* **WHAT IS REQUIRED**
Only the lines below from the one that holds "跨境欧式烛台摆件餐桌客厅样板间装饰工艺品金属铁艺蜡烛台圣诞节" through the one that holds "Corsé Gótico Negro" should appear in the answer, copied exactly, end lines included and pictures omitted.

* **SUPPLIED MATERIAL**
• • • • • • •
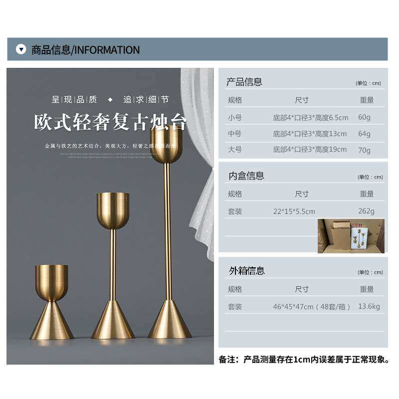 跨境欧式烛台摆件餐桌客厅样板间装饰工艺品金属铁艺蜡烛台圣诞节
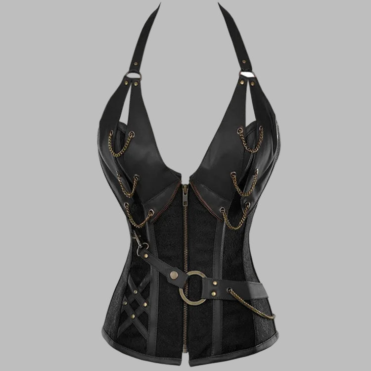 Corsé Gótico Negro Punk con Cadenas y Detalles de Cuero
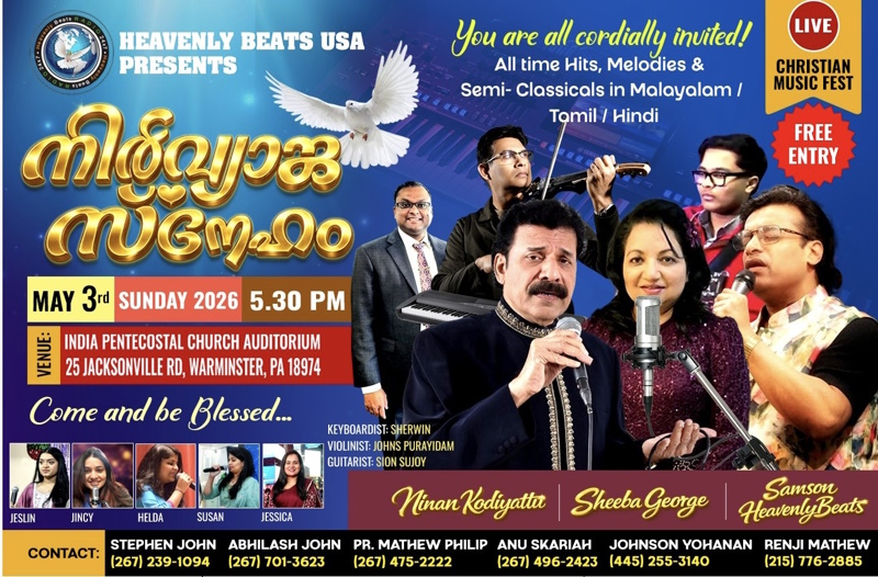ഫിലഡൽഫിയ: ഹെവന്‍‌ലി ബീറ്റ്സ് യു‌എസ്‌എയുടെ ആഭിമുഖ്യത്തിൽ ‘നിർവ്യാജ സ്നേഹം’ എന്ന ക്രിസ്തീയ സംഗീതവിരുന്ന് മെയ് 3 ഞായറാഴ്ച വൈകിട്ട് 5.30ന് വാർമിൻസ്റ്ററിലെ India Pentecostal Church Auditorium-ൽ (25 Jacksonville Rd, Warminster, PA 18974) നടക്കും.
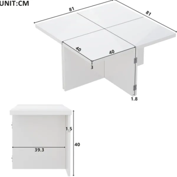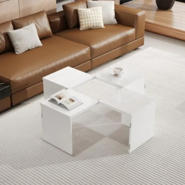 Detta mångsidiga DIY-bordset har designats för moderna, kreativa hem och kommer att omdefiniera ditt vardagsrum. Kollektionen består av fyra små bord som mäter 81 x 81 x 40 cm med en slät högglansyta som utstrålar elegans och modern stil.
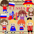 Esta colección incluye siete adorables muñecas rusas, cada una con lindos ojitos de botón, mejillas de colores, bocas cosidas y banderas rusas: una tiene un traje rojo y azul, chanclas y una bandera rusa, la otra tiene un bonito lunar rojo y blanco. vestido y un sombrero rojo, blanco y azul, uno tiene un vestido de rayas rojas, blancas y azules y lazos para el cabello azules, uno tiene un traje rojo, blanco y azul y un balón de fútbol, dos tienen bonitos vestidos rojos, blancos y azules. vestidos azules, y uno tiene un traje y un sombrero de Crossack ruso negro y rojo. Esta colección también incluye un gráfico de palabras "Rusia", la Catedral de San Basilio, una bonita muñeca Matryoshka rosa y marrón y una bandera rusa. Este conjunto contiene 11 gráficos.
• • • • • • •
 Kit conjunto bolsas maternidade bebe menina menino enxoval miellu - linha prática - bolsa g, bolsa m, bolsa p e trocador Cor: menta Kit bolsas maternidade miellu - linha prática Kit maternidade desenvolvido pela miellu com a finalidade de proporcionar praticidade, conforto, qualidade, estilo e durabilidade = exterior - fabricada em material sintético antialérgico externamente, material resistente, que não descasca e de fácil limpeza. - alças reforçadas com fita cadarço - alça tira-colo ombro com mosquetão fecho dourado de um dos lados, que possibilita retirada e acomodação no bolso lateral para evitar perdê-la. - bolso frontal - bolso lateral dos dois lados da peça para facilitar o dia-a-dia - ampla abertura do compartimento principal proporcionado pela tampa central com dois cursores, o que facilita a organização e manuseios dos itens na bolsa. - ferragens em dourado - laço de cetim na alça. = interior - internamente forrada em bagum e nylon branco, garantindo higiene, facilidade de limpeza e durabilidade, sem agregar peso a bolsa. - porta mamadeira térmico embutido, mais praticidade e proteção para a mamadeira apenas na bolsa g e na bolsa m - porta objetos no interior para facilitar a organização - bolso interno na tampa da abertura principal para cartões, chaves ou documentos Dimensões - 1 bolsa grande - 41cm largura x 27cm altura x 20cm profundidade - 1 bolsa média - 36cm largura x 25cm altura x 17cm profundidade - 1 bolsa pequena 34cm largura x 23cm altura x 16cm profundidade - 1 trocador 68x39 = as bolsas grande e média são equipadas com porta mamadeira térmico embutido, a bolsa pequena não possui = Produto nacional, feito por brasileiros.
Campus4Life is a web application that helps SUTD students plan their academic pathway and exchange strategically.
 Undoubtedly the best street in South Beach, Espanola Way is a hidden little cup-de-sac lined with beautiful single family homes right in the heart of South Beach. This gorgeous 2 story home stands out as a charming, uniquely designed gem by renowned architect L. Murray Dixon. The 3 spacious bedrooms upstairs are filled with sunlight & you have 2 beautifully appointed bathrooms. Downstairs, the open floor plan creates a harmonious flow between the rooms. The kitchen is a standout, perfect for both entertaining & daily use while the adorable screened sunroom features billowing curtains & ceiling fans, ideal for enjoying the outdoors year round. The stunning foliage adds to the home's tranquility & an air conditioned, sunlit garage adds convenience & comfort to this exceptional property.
• • • • • • •
* **RESPONSE BOX**
 跨境欧式烛台摆件餐桌客厅样板间装饰工艺品金属铁艺蜡烛台圣诞节
 Corsé Gótico Negro Punk con Cadenas y Detalles de Cuero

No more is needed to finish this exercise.